Metric Hub
Metric Hub is a repository that contains metric, data source and segment definitions that have been reviewed and can be seen as the source of truth. Definitions that are part of Metric Hub can be referenced in configurations of other tooling as well, such as Jetstream and OpMon.
Generated docs for available metrics is available here.
Adding definitions
To add or update a project configuration, open a pull request against metric-hub. CI checks will validate that the structure of the definitions as well as the SQL syntax is correct. A review by data science is required before changes can get merged.
Definitions are part of config files that are written in TOML.
These definitions files are platform-specific and located in the definitions/
directory of the metric-hub repository. Definitions files are named after the platform they target, for example definitions related to Firefox Desktop are in the firefox_desktop.toml
file.
Generally, configuration files have four main sections: [data_sources]
, [metrics]
, [segments]
, and [dimensions]
. All of these sections are optional.
Lines starting with a #
are comments and have no effect.
[data_sources]
Section
Data sources specify the tables data should be queried from.
[data_sources]
[data_sources.main_v1]
# FROM expression - often just a fully-qualified table name. Sometimes a subquery.
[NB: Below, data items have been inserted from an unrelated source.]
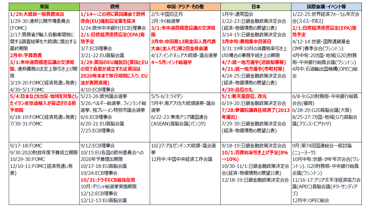 各国・地域の経済指標、金融政策決定会合等イベントの予定(2019年)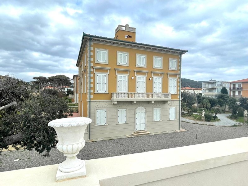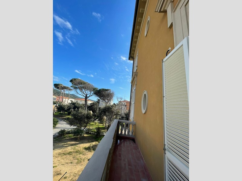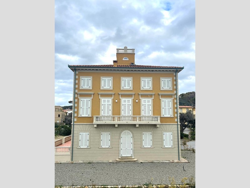 Antignano  Mare - Via T. Pendola: In villa antica, appartamento  nuovo con rifiniture di lusso e affreschi. Piano primo con ascensore, ampio ingresso, sala con angolo cottura, 1 camera matrimoniale, 1 studio, ripostiglio, balcone e garage.  Giardino e scesa al mare condominiale. T. autonomo.  Vicinanze Quercianella-Castiglioncello-Borgheri.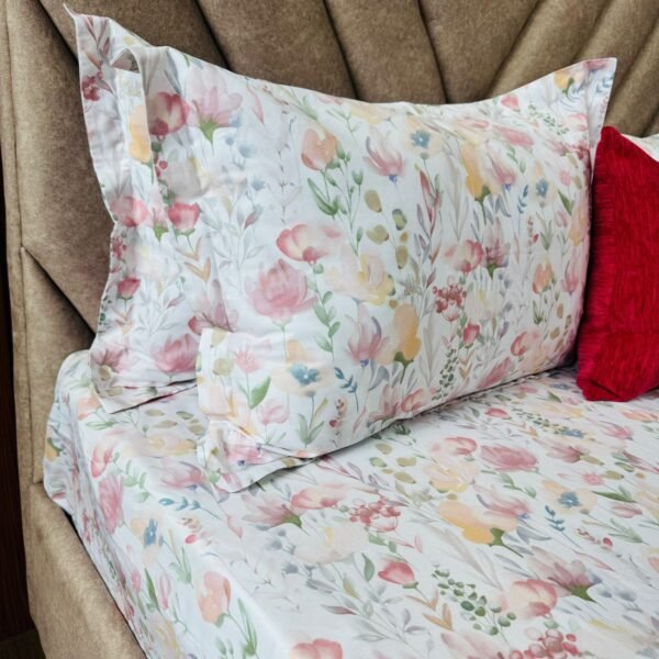 Cotton Bedsheet - PR White Floral - Sri Lanka
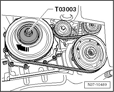 - Rotate the engine in engine rotation direction - arrow - 60° further using the crankshaft adapter (T03003).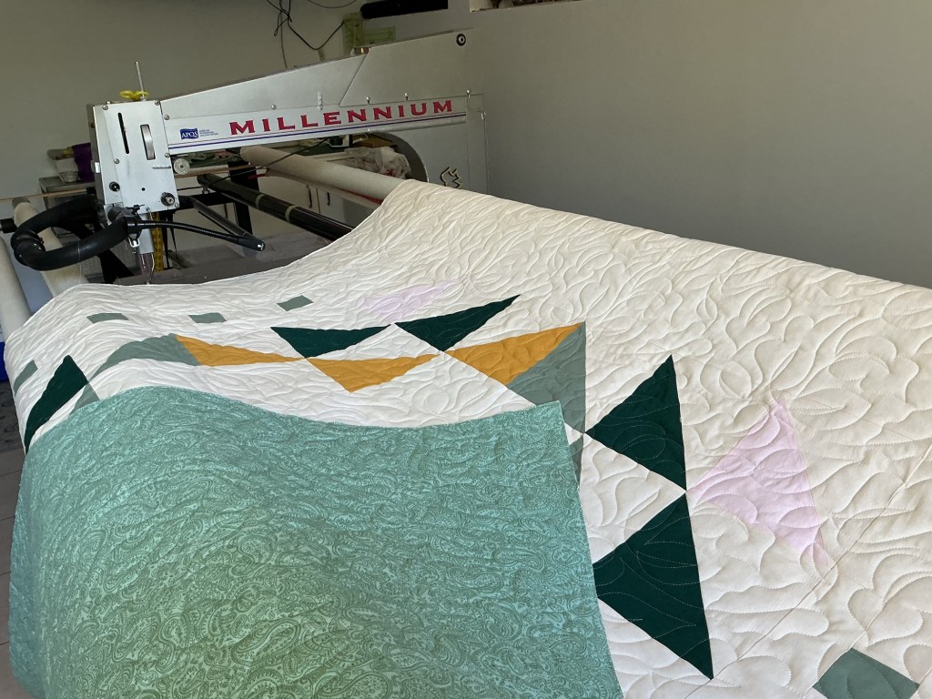 My Longarm and I have been busy finishing quilts for my customers of course. I am so thankful for my APQS Millennium and that the company is so true to its word about service. Using a longarm as much as I do there are times where parts wear out and need to be replaced or just readjusted. My experience has always been excellent over the years as in twenty years…just saying 😊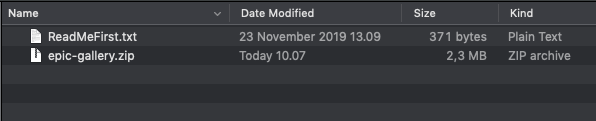 - After that browse to find the epic-gallery.zip file (look at the image above) and unzip the file.

from_expression = "mozdata.telemetry.main"
# SQL snippet specifying the submission_date column
submission_date_column = "submission_date"
[data_sources.events_memory_v1]
# FROM expression - subquery
from_expression = """
(
SELECT
*
FROM `moz-fx-data-shared-prod.telemetry.events`
WHERE
event_category = 'memory_watcher'
)
"""
submission_date_column = "submission_date"
[metrics]
Section
The metrics sections allows to specify metrics. A metric aggregates data and is associated with some data source.
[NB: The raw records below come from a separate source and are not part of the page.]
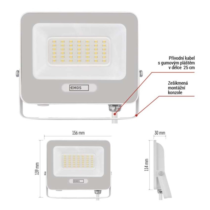 EMOS LED reflektor GLARO 30W, bílý, IP65, 3000 lm, neutrální bílá | DNO elektro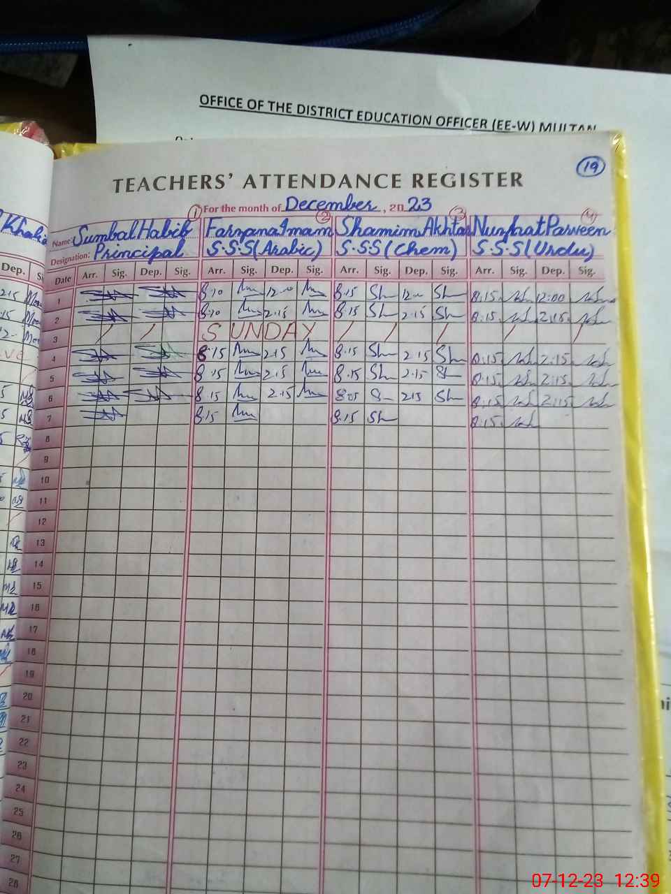 | CNIC | Full Name | Designation | R/C | Absence During Last Calender Month |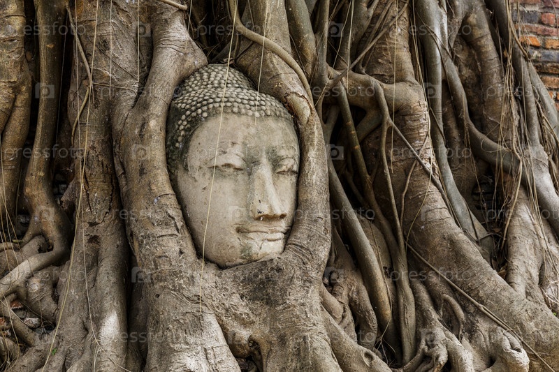 Голова статуи Будды в дереве в Аюттхая
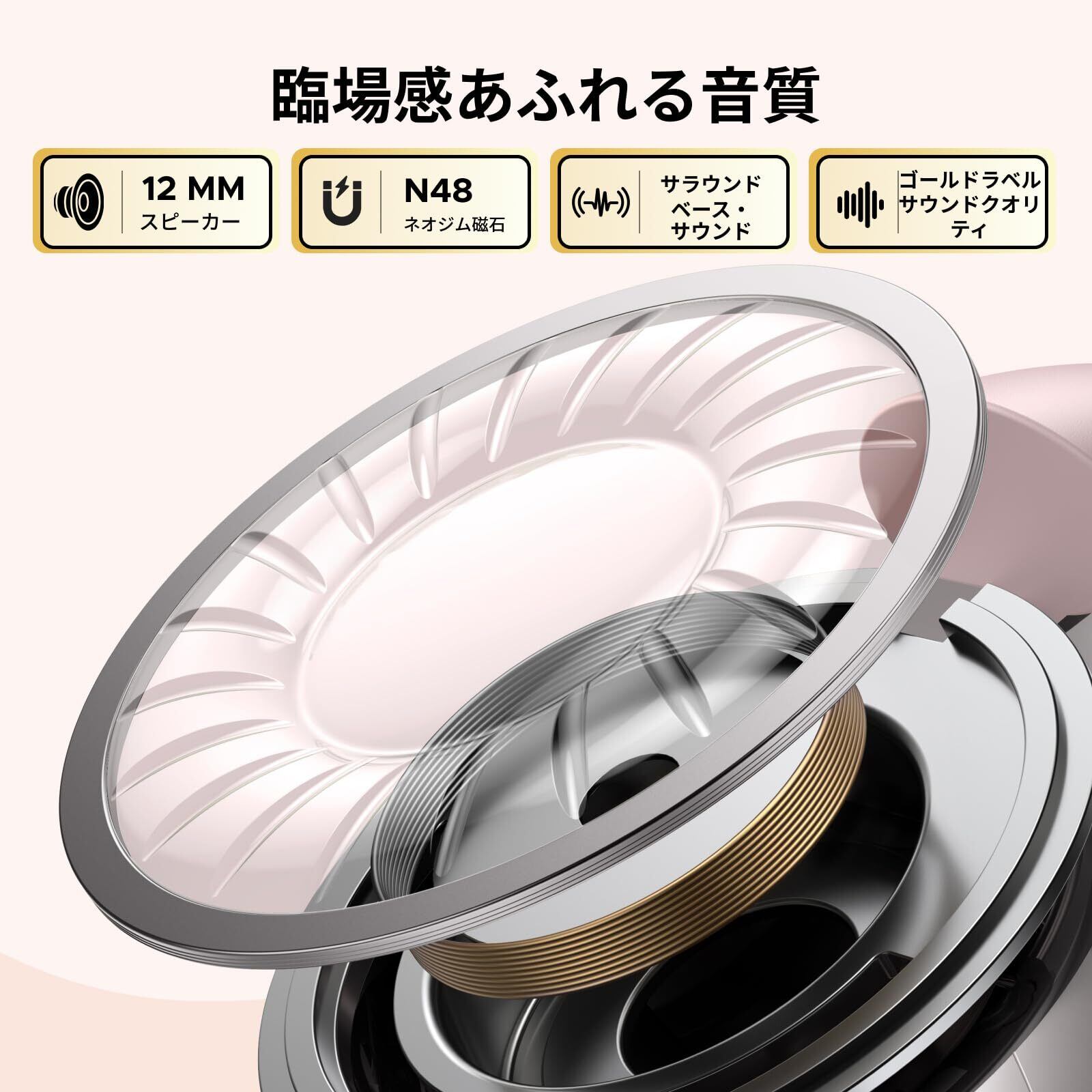 【音の妥協ゼロ・Hi-Fi超高音質】12mmドライバーとコンポジット振動板を搭載。繊細でパワフルな音質を実現し、特に高音と低音の再現性に優れています。シングルマグネットよりも振動板の制御力が強く、音の歪みを最小限に抑え、より自然で臨場感ある音場を提供します。

Each metric is identified by a unique slug and a version (versions are optional but strongly encouraged), and can be defined by adding a new section with a name like:
[metrics.<new_metric_slug>_v<version>]
[metrics]
[metrics.memory_pressure_count_v1]
# The data source to use. Use the slug of a data source defined in a platform-specific config,
# or else define a new data source (see above).
data_source = "events_memory"
# A clause of a SELECT expression with an aggregation
select_expression = "SUM(SAFE_CAST(SPLIT(event_string_value, ',')[OFFSET(1)] AS NUMERIC))"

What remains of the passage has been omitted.